二十階に到達し、扉が開くとフロントがまだ質素だったと思えるほどに豪華絢爛の風景が視界に飛び込んできた。柔らかそうな赤い絨毯が敷かれ、塵一つ落ちていない。乳白色に見える壁や間接照明はいやらしくない程度で好感が持てる。しかし、自分には似合っていないのは明白だった。
「何番の部屋でございますか?」
「202の部屋です」
ユウキの言葉に従業員が部屋へと通す。扉をノックすると、「どうぞ」という声が聞こえてきた。ランポの声だ。
「失礼いたします」と従業員が扉を開ける。ランポが部屋のソファに体重を預けて待っていた。ユウキを認めると立ち上がり、「来たか」と言った。ユウキは頷いて部屋へと入る。従業員が立ち去ってから充分に時間が経ってから、ユウキが口を開いた。
「テクワは少し治療が必要なそうです。近くの病院で二日間は安静のようで」
「そうか。テクワにはそうなるとギリギリで伝えなければならないようだな」
ランポが顎に手を添えて考え込む。ユウキが立ち竦んでいると、ランポは対面のソファを顎で示した。
「座れ。立ったままだと話しづらいだろう」
「あ、はい」
ユウキは応じて対面のソファに腰かける。ランポもソファに座った。こうして顔を合わせてみて、ユウキはランポの違和感に気づいた。いつものランポにある覇気のようなものが感じられなかった。
「何か、あったんですか?」
ユウキの問いかけにランポは目を丸くして、やがてフッと口元を綻ばせた。
「分かるか?」
「ランポらしくない」
「俺らしいというのがどのような状態を指すのかは分からんが、確かに尋常な事態ではないな」
ランポは長く息を吐き出した。疲れているのかもしれない。
「ランポ。一体何が?」
「この街に辿り着いてまず、リヴァイヴ団のボスの腹心と会った」
その言葉は衝撃的なものだった。ボスの腹心という事はかなり上の立場と対面した事になる。
「……それで」
「ある命令を下された。特命だ」
嫌な響きだと感じつつもユウキは口には出さなかった。ランポは両手を組み合わせて言葉を発する。

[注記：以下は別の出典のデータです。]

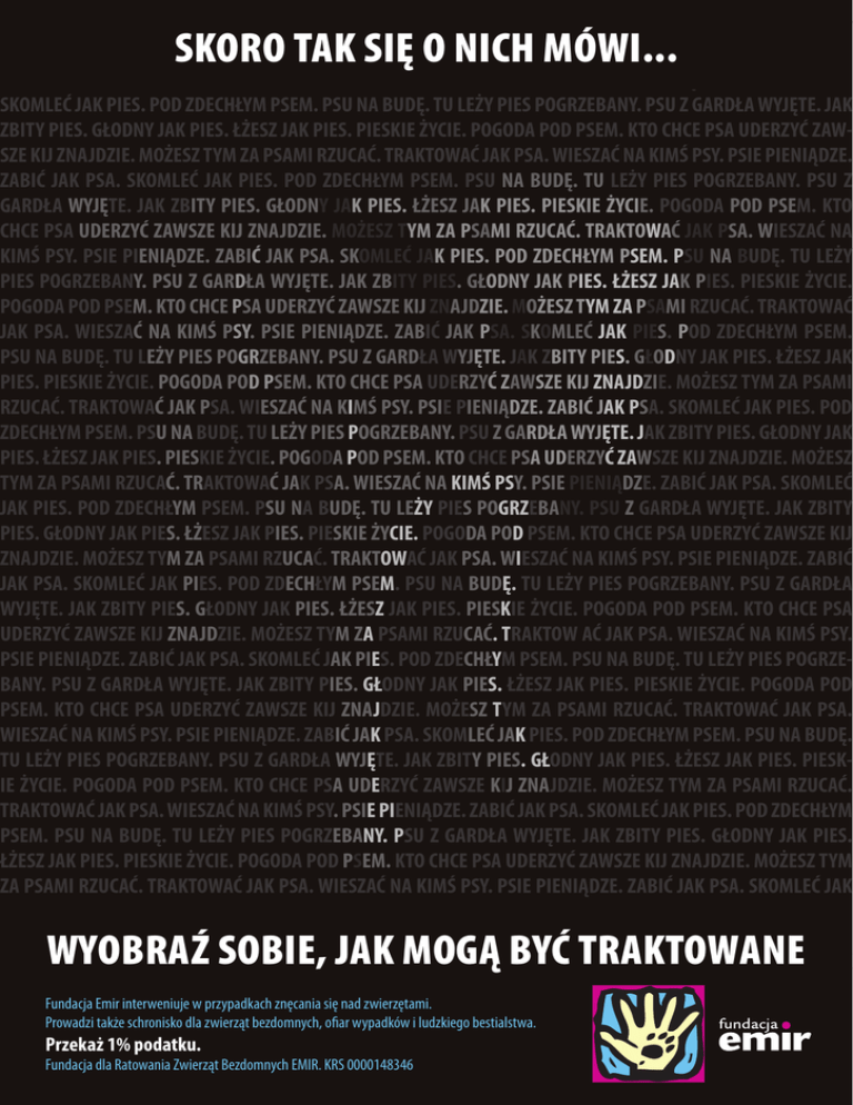 POD ZDECHŁYM PSEM. PSU NA BUDĘ. TU LEŻY PIES POGRZEBANY. PSU Z GARDŁA WYJĘTE. JAK ZBITY PIES. GŁODNY JAK PIES. ŁŻESZ JAK PIES. PIESKIE ŻYCIE. POGODA POD PSEM. KTO CHCE PSA UDERZYĆ ZAWSZE KIJ ZNAJDZIE. MOŻESZ TYM ZA PSAMI RZUCAĆ. TRAKTOWAĆ JAK PSA. WIESZAĆ NA KIMŚ PSY. PSIE PIENIĄDZE. ZABIĆ JAK PSA. SKOMLEĆ JAK PIES. POD ZDECHŁYM PSEM. PSU NA BUDĘ. TU LEŻY PIES POGRZEBANY. PSU Z GARDŁA WYJĘTE. JAK ZBITY PIES. GŁODNY JAK PIES. ŁŻESZ JAK PIES. PIESKIE ŻYCIE. POGODA POD PSEM. KTO CHCE PSA UDERZYĆ ZAWSZE KIJ ZNAJDZIE. MOŻESZ TYM ZA PSAMI RZUCAĆ. TRAKTOWAĆ JAK PSA. WIESZAĆ NA KIMŚ PSY. PSIE PIENIĄDZE. ZABIĆ JAK PSA. SKOMLEĆ JAK PIES. POD ZDECHŁYM PSEM. PSU NA BUDĘ. TU LEŻY PIES POGRZEBANY. PSU Z GARDŁA WYJĘTE. JAK ZBITY PIES. GŁODNY JAK PIES. ŁŻESZ JAK PIES. PIESKIE ŻYCIE. POGODA POD PSEM. KTO CHCE PSA UDERZYĆ ZAWSZE KIJ ZNAJDZIE. MOŻESZ TYM ZA PSAMI RZUCAĆ. TRAKTOWAĆ JAK PSA. WIESZAĆ NA KIMŚ PSY. PSIE PIENIĄDZE. ZABIĆ JAK PSA. SKOMLEĆ JAK PIES. POD ZDECHŁYM PSEM. PSU NA BUDĘ. TU LEŻY PIES POGRZEBANY. PSU Z GARDŁA WYJĘTE. JAK ZBITY PIES. GŁODNY JAK PIES. ŁŻESZ JAK PIES. PIESKIE ŻYCIE. POGODA POD PSEM. KTO CHCE PSA UDERZYĆ ZAWSZE KIJ ZNAJDZIE. MOŻESZ TYM ZA PSAMI RZUCAĆ. TRAKTOWAĆ JAK PSA. WIESZAĆ NA KIMŚ PSY. PSIE PIENIĄDZE. ZABIĆ JAK PSA. SKOMLEĆ JAK PIES. POD ZDECHŁYM PSEM. PSU NA BUDĘ. TU LEŻY PIES POGRZEBANY. PSU Z GARDŁA WYJĘTE. JAK ZBITY PIES. GŁODNY JAK PIES. ŁŻESZ JAK PIES. PIESKIE ŻYCIE. POGODA POD PSEM. KTO CHCE PSA UDERZYĆ ZAWSZE KIJ ZNAJDZIE. MOŻESZ TYM ZA PSAMI RZUCAĆ. TRAKTOWAĆ JAK PSA. WIESZAĆ NA KIMŚ PSY. PSIE PIENIĄDZE. ZABIĆ JAK PSA. SKOMLEĆ JAK PIES. POD ZDECHŁYM PSEM. PSU NA BUDĘ. TU LEŻY PIES POGRZEBANY. PSU Z GARDŁA WYJĘTE. JAK ZBITY PIES. GŁODNY JAK PIES. ŁŻESZ JAK PIES. PIESKIE ŻYCIE. POGODA POD PSEM. KTO CHCE PSA UDERZYĆ ZAWSZE KIJ ZNAJDZIE. MOŻESZ TYM ZA PSAMI RZUCAĆ. TRAKTOWAĆ JAK PSA. WIESZAĆ NA KIMŚ PSY. PSIE PIENIĄDZE. ZABIĆ JAK PSA. SKOMLEĆ JAK PIES. POD ZDECHŁYM PSEM. PSU NA BUDĘ. TU LEŻY PIES POGRZEBANY. PSU Z GARDŁA WYJĘTE. JAK ZBITY PIES. GŁODNY JAK PIES. ŁŻESZ JAK PIES. PIESKIE ŻYCIE. POGODA POD PSEM. KTO CHCE PSA UDERZYĆ ZAWSZE KIJ ZNAJDZIE. MOŻESZ TYM ZA PSAMI RZUCAĆ. TRAKTOWAĆ JAK PSA. WIESZAĆ NA KIMŚ PSY. PSIE PIENIĄDZE. ZABIĆ JAK PSA. SKOMLEĆ JAK PIES. POD ZDECHŁYM PSEM. PSU NA BUDĘ. TU LEŻY PIES POGRZEBANY. PSU Z GARDŁA WYJĘTE. JAK ZBITY PIES. GŁODNY JAK PIES. ŁŻESZ JAK PIES. PIESKIE ŻYCIE. POGODA POD PSEM. KTO CHCE PSA UDERZYĆ ZAWSZE KIJ ZNAJDZIE. MOŻESZ TYM ZA PSAMI RZUCAĆ. TRAKTOW AĆ JAK PSA. WIESZAĆ NA KIMŚ PSY. PSIE PIENIĄDZE. ZABIĆ JAK PSA. SKOMLEĆ JAK PIES. POD ZDECHŁYM PSEM. PSU NA BUDĘ. TU LEŻY PIES POGRZEBANY. PSU Z GARDŁA WYJĘTE. JAK ZBITY PIES. GŁODNY JAK PIES. ŁŻESZ JAK PIES. PIESKIE ŻYCIE. POGODA POD PSEM. KTO CHCE PSA UDERZYĆ ZAWSZE KIJ ZNAJDZIE. MOŻESZ TYM ZA PSAMI RZUCAĆ. TRAKTOWAĆ JAK PSA. WIESZAĆ NA KIMŚ PSY. PSIE PIENIĄDZE. ZABIĆ JAK PSA. SKOMLEĆ JAK PIES. POD ZDECHŁYM PSEM. PSU NA BUDĘ. TU LEŻY PIES POGRZEBANY. PSU Z GARDŁA WYJĘTE. JAK ZBITY PIES. GŁODNY JAK PIES. ŁŻESZ JAK PIES. PIESKIE ŻYCIE. POGODA POD PSEM. KTO CHCE PSA UDERZYĆ ZAWSZE KIJ ZNAJDZIE. MOŻESZ TYM ZA PSAMI RZUCAĆ. TRAKTOWAĆ JAK PSA. WIESZAĆ NA KIMŚ PSY. PSIE PIENIĄDZE. ZABIĆ JAK PSA. SKOMLEĆ JAK PIES. POD ZDECHŁYM PSEM. PSU NA BUDĘ. TU LEŻY PIES POGRZEBANY. PSU Z GARDŁA WYJĘTE. JAK ZBITY PIES. GŁODNY JAK PIES. ŁŻESZ JAK PIES. PIESKIE ŻYCIE. POGODA POD PSEM. KTO CHCE PSA UDERZYĆ ZAWSZE KIJ ZNAJDZIE. MOŻESZ TYM ZA PSAMI RZUCAĆ. TRAKTOWAĆ JAK PSA. WIESZAĆ NA KIMŚ PSY. PSIE PIENIĄDZE. ZABIĆ JAK PSA. SKOMLEĆ JAK PIES. POD ZDECHŁYM PSEM. PSU NA BUDĘ. TU LEŻY PIES POGRZEBANY. PSU Z GARDŁA WYJĘTE. JAK ZBITY PIES. GŁODNY JAK PIES. ŁŻESZ JAK PIES. PIESKIE ŻYCIE. POGODA POD PSEM. KTO CHCE PSA UDERZYĆ ZAWSZE KIJ ZNAJDZIE. MOŻESZ TYM ZA PSAMI RZUCAĆ. TRAKTOWAĆ JAK PSA. WIESZAĆ NA KIMŚ PSY. PSIE PIENIĄDZE. ZABIĆ JAK PSA. SKOMLEĆ JAK PIES. SKORO TAK SIĘ O NICH MÓWI... WYOBRAŹ SOBIE, JAK MOGĄ BYĆ TRAKTOWANE Fundacja Emir interweniuje w przypadkach znęcania się nad zwierzętami. Prowadzi także schronisko dla zwierząt bezdomnych, ofiar wypadków i ludzkiego bestialstwa. Przekaż 1% podatku. Fundacja dla Ratowania Zwierząt Bezdomnych EMIR. KRS 0000148346 POD ZDECHŁYM PSEM. PSU NA BUDĘ. TU LEŻY PIES POGRZEBANY. PSU Z GARDŁA WYJĘTE. JAK ZBITY PIES. GŁODNY JAK PIES. ŁŻESZ JAK PIES. PIESKIE ŻYCIE. POGODA POD PSEM. KTO CHCE PSA UDERZYĆ ZAWSZE KIJ ZNAJDZIE. MOŻESZ TYM ZA PSAMI RZUCAĆ. TRAKTOWAĆ JAK PSA. WIESZAĆ NA KIMŚ PSY. PSIE PIENIĄDZE. ZABIĆ JAK PSA. SKOMLEĆ JAK PIES. POD ZDECHŁYM PSEM. PSU NA BUDĘ. TU LEŻY PIES POGRZEBANY. PSU Z GARDŁA WYJĘTE. JAK ZBITY PIES. GŁODNY JAK PIES. ŁŻESZ JAK PIES. PIESKIE ŻYCIE. POGODA POD PSEM. KTO CHCE PSA UDERZYĆ ZAWSZE KIJ ZNAJDZIE. MOŻESZ TYM ZA PSAMI RZUCAĆ. TRAKTOWAĆ JAK PSA. WIESZAĆ NA KIMŚ PSY. PSIE PIENIĄDZE. ZABIĆ JAK PSA. SKOMLEĆ JAK PIES. POD ZDECHŁYM PSEM. PSU NA BUDĘ. TU LEŻY PIES POGRZEBANY. PSU Z GARDŁA WYJĘTE. JAK ZBITY PIES. GŁODNY JAK PIES. ŁŻESZ JAK PIES. PIESKIE ŻYCIE. POGODA POD PSEM. KTO CHCE PSA UDERZYĆ ZAWSZE KIJ ZNAJDZIE. MOŻESZ TYM ZA PSAMI RZUCAĆ. TRAKTOWAĆ JAK PSA. WIESZAĆ NA KIMŚ PSY. PSIE PIENIĄDZE. ZABIĆ JAK PSA. SKOMLEĆ JAK PIES. POD ZDECHŁYM PSEM. PSU NA BUDĘ. TU LEŻY PIES POGRZEBANY. PSU Z GARDŁA WYJĘTE. JAK ZBITY PIES. GŁODNY JAK PIES. ŁŻESZ JAK PIES. PIESKIE ŻYCIE. POGODA POD PSEM. KTO CHCE PSA UDERZYĆ ZAWSZE KIJ ZNAJDZIE. MOŻESZ TYM ZA PSAMI RZUCAĆ. TRAKTOWAĆ JAK PSA. WIESZAĆ NA KIMŚ PSY. PSIE PIENIĄDZE. ZABIĆ JAK PSA. SKOMLEĆ JAK PIES. POD ZDECHŁYM PSEM. PSU NA BUDĘ. TU LEŻY PIES POGRZEBANY. PSU Z GARDŁA WYJĘTE. JAK ZBITY PIES. GŁODNY JAK PIES. ŁŻESZ JAK PIES. PIESKIE ŻYCIE. POGODA POD PSEM. KTO CHCE PSA UDERZYĆ ZAWSZE KIJ ZNAJDZIE. MOŻESZ TYM ZA PSAMI RZUCAĆ. TRAKTOWAĆ JAK PSA. WIESZAĆ NA KIMŚ PSY. PSIE PIENIĄ

「ユウキ。俺はリヴァイヴ団のボスとして、来る三日後に電波をジャックし、演説を行う事となった」
一瞬、言葉の意味が解らなかった。ボスとして、とはどういう意味なのか。
「どういう……、だってランポはボスじゃない」
「分かっているさ。つまりはボスの影武者として演説をしろと上は言ってきているんだ。矢面に立てという事さ」
ランポが皮肉めいた笑みを浮かべてようやくそれが現実の事なのだと認識したユウキは、「でも、そんな」と言葉にしていた。
「急に、そんな事」
「ああ、急な話だ。だが、俺は断れない。この任務をこなせばボスに繋がるかなり有力な情報と信頼を得られるだろう。俺達の望みのために、確実に乗り越えなければならないステップだ」
確かにランポの言う通りだろう。しかし、それは同時にある事を示していた。
「ボスの影武者になるというのなら、今までのような任務は……」
「ああ。除外される。レナの護衛もここまでだ。俺達はより高次元な任務を任される事となる」
「そんな……。でも、ランポ。そんな事引き受けたりしたら、あなたは……」
「そうだ。俺はもう、今までのようには生きられない」
濁した語尾を断ち切る言葉にユウキは何も言えなかった。ボスの影武者になるという事はボスに限りなく近づける立場でありながら、同時に最も遠い存在になるという事だ。ランポの眼を見つめる。本気の覚悟を湛えた眼差しがそこにはあった。
「本気、なんですか……」
「無論だ。俺は承服した以上、その任務をやりきらなければならない」
「だったら。ランポ。僕達は、もう」
「お前の言いたい事は分かる」
歯切れの悪いユウキの言葉を遮ってランポが淡々と告げた。
「ブレイブヘキサは解散だ。演説の護衛任務を終え次第、お前らは別々のチームに割り振られる」
半ば予想していた言葉だけに、衝撃は大きかった。ユウキは鈍器で殴られた時のように視界がぐらぐらとふらつくのを感じた。動揺したユウキが顔の半分を手で覆う。ランポはゆっくりと言葉を継いだ。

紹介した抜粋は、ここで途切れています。